Моя революция. События 1917 года глазами русского офицера, художника, студентки, писателя, историка, сельской учительницы, служащего пароходства, революционера - стр. 90
<20 июля (7 июля) – 22 июля (9 июля)>
23 июля (10 июля). Понедельник. К утреннему кофе получил субботний номер «Новой жизни», полный самых тревожных известий. Симптоматичен первый шаг к диктатуре: назначение Керенского министром-президентом, а Некрасова>147, только что покинувшего пост министра путей сообщения, – торговли[146]. Еще более тревожный прорыв на фронте и обвинение в этом большевиков… Возобновление стрельбы в районе Николаевского вокзала, ордер об аресте лидера большевизма, своевольные аресты большевиков даже в трамваях. В одной из передовиц имеется пророчество об «императорском штандарте». Таким образом, бег катящейся под гору телеги ускоряется, и уже близок момент, когда она разлетится вдребезги. Соответственно с ощущением приближения катастрофы у меня вырабатывается желание от всего отказаться и все забыть. Общий лейтмотив – трусость и бездарность. Трусы те, кто затягивает войну, еще более страшась победы политических противников, с которыми они не умеют ладить. Трусы – вся обывательщина, кричащая о войне, о немецких миллионах, в панике визжащая перед сфинксом большевизма. Трус Керенский, в исступлении бросающий всему народу обвинение в трусости, сам же бесконечно более трусящий союзников и опасающийся утраты столь недавно завоеванной власти. <…> Трусами оказались и вожди большевизма, ибо в их руках одно время и даже два раза были все возможности, а они испугались и попятились, когда дошло дело да захвата державы.
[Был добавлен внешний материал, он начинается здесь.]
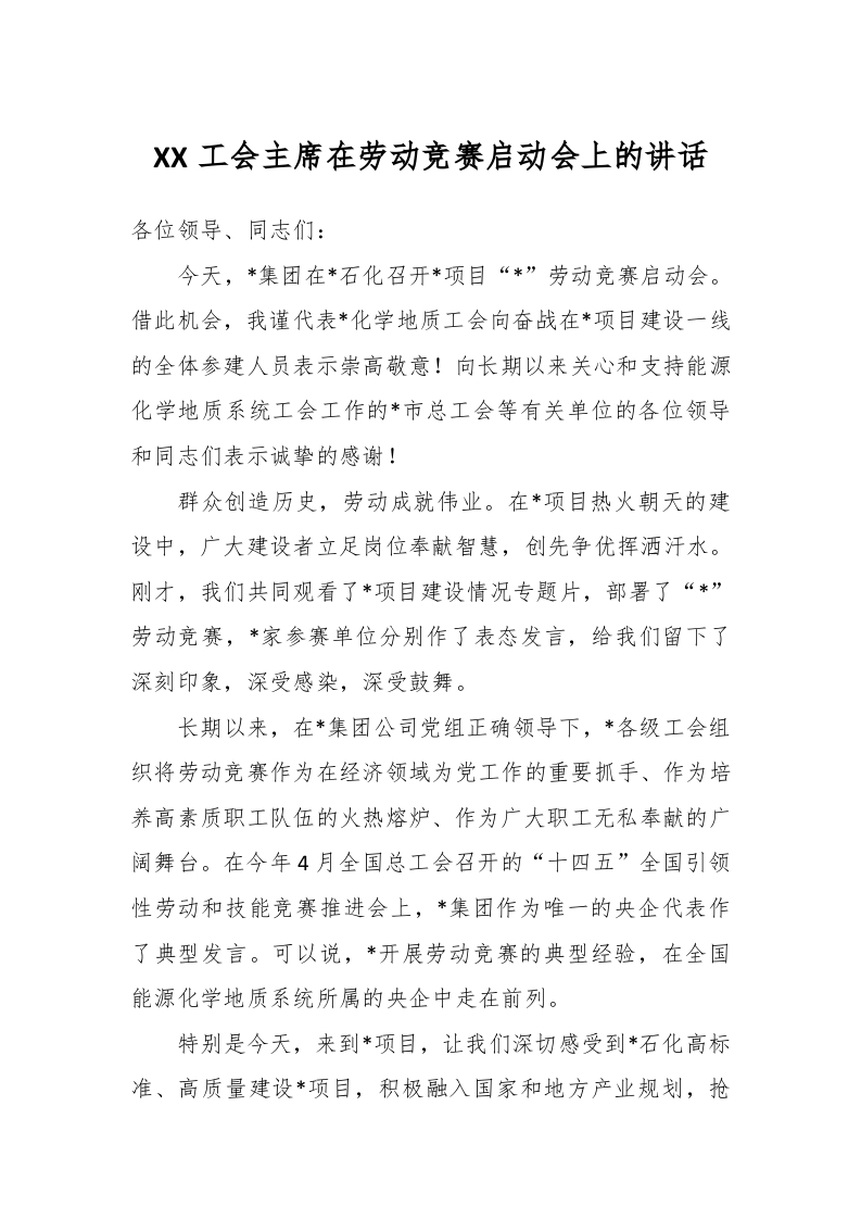 / XX工会主席在劳动竞赛启动会上的讲话

Ну а о бездарности и распространяться не приходится… Ни даровитости в душевном смысле, ни даровитости в смысле понимания момента, ни даровитости в области практической политики. И когда бездарностью больна такая огромная страна, это грозит заразой и гибелью не только ей, но и всему миру. И получается так, что все надежды – на тех, кто за эти три года показали себя и более умными, и более дальновидящими, более крепкими и одаренными. Тут я оборачиваю свой фагот на себя. А что же я? Однако я не скрывал от себя, что я тоже трус. Все мои дерзания оттого и носят некоторый истерический оттенок, что в них я вынужден преодолевать «препоны какой-то внутренней паники». Знаю я и то, до какой степени я бездарен, то есть в какой степени моим намерениям и сознанию не соответствуют мои личные силы. И я все же не знаю, что во мне господствует одно над другим: трусость ли, бездарность ли или какая-то благоразумная честность, то есть какое-то «отсутствие сознания своего права».
<…>
Может, сейчас говорит не мое Я, а просто состояние всего нашего времени? В таком случае еще с большим любопытством, нежели по отношению к себе, меня нудит спросить: к чему же, в таком случае, все это клонит, в чем смысл этих вечных «приготовлений» и вечных «осечек»? и наконец, еще самый простой жизненный вопрос: как же это все разрешится, как снова найдет мир свое равновесие? Опаснее всего в создавшемся политическом положении то, что под воплями об измене совсем может смолкнуть клич единственного спасения: «мир». В панике начнется работа самоистребления, и даже люди, самые благоразумные и трезвые, могут утратить сознание хотя бы своей личной пользы. Тогда россияне по своей великой и не слишком обильной стране докатятся до Урала, что только и желательно умным варягам.